King of Sukhothai
- Reign: 957–959
- Predecessor: Under Qiān Zhī Fú
- Successor: Sricandradhipati
- Died: 959 Sukhothai
- Consort: Nang Nak of Nan
- Issue: Arunaraja of Mueang Chaliang Ṛddhikumāra of Kampoṭanagara [th] Pasujakumāra of Mueang Chaliang
- Dynasty: Phra Ruang

= Abhayakamini =

Third king of Sukhothai

Abhayakamini (อภัยคามินี, ) was a Mon monarch who reigned over Sukhothai from 957 to 959. According to historical records, he fled from Haripuñjaya after its seizure by the Khom people of Umoṅkaselā and subsequently re-established Sukhothai, which had remained abandoned since the late 8th century, assuming the throne as its new ruler. In contrast, the Northern Chronicle records the date of Abhayakamini’s enthronement as occurring nearly a millennium earlier, in 44 BCE. However, a Thai historian, Prince Damrong Rajanubhab, asserted that the chronological framework employed in the chronicle is inconsistent to such an extent that it cannot be regarded as reliable, although much of its content is considered to possess a genuine historical foundation. Abhayakamini was potentially succeeded by a commoner named Sricandradhipati (also known as Phra Ruang [II]), as the chronicle says he was given the throne and governed Sukhothai from 959 onwards.
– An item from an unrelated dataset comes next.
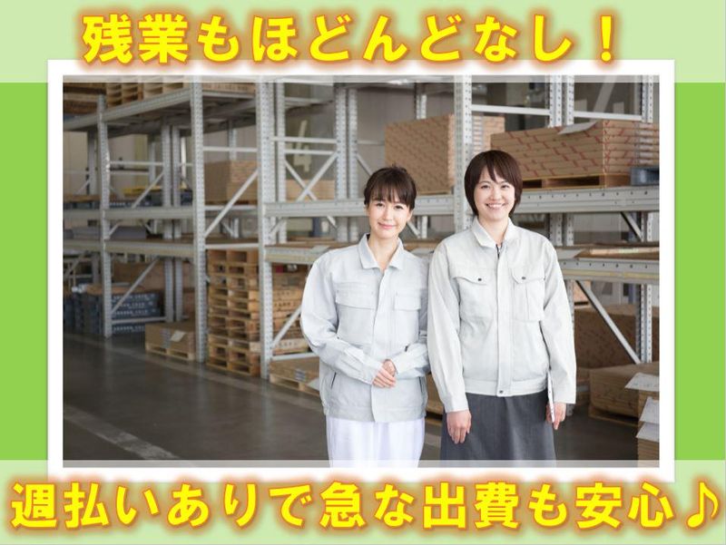 仕事内容 ★キャンペーン時給1400円!週払いOK! ★未経験OK!土日休み! ★小さなアルミ製品を機械にセット・外し・箱詰のおしごと <かんたんなモクモク作業> 1人1台の機械に向かってのモクモク作業! 冷暖房完備でカイテキ 【お仕事内容】 入社したほとんどの方が未経験! 工程はシンプルなので安心です! 軽い部品を機械にセット・リセット 箱に入れるシンプル作業 集中してお仕事したい方にピッタリ! ★職場にフリードリンク有 ★仕出し弁当360円で購入可能! ⏩組立・検品・梱包などの 軽作業経験がある方は 即戦力として活躍できます。 働くスタッフからは 「冷暖房完備なので暑い、寒いが なくてモチベーション上がります!」 「モクモク仕事なので時間が経つのが早いので助かります♪」 といった声が多数寄せられています。 清潔で明るい職場で一緒に働きましょう! ⏩平日のみ勤務♪充実した土日休み★ 週末はお休みなので、 プライベートの予定も立てやすく、 家族と過ごす時間や 自分の時間を大切にしながら働けます◎ 仕事とプライベートのバランス を保てるので、 長く楽しく働くことが可能です♪ 残業は基本的にありません! ほぼ時間通りに帰れます。 ⏩基本一人での作業となりますので 集中して進められます。 未経験から自分の生活を 大事にしながら働ける会社です! 弊社スタッフによる丁寧な サポートもバッチリ◎ 働く中で疑問や不安なことがあれば その都度相談できる環境も整えています! 初めてのお仕事は誰でも 不安がありますよね。 どんなことでもご相談ください! 今働いている未経験スタートの スタッフも様々な不安がありました。 久しぶりの仕事復帰で ちゃんと仕事ができるか… 年も年なので体力的に大丈夫か… 仕事で使用する道具は難しいものなのか… その不安、一緒に解決していきましょう! それぞれの悩みがあって、 それぞれの働き方があります! あなたの働きやすい働き方を 一緒に考えていきましょう!

Abhayakamini was documented to have had two queen consorts. The first, Nang Nak, originated from the Tai chiefdom located in the present-day Nan Province and bore his eldest son, Arunaraja. The second consort gave birth to Ṛddhikumāra (ฤทธิกุมาร) and Pasujakumāra (พสุจกุมาร). (Note: The Northern Chronicle records that Pasujakumāra was the younger brother of Arunaraja, though it does not specify the identity of his mother. However, as the text states that Nang Nak bore only one son, namely Arunaraja, it is inferred that Pasujakumāra was born to another consort.) When Abhayakamini resided in Haripuñjaya, his eldest son, Arunaraja—also known as Phra Ruang (พระร่วง), the first Phra Ruang—was appointed to govern Mueang Chaliang through marriage to the princess of the preceding ruler, who had no male heir. Another prince, Ṛddhikumāra, married the princess of Mueang Pichai Chiang Mai (เมืองพิชัยเชียงใหม่), identified with Thung Yung and also known as Kampoṭanagara (กัมโพชนคร), and subsequently ascended its throne. Meanwhile, the youngest prince, Pasujakumāra, succeeded his eldest brother as ruler of Mueang Chaliang.

The dynastic relationship between Sukhothai and the Nan Kingdom persisted until Nan was annexed by Lan Na in 1449.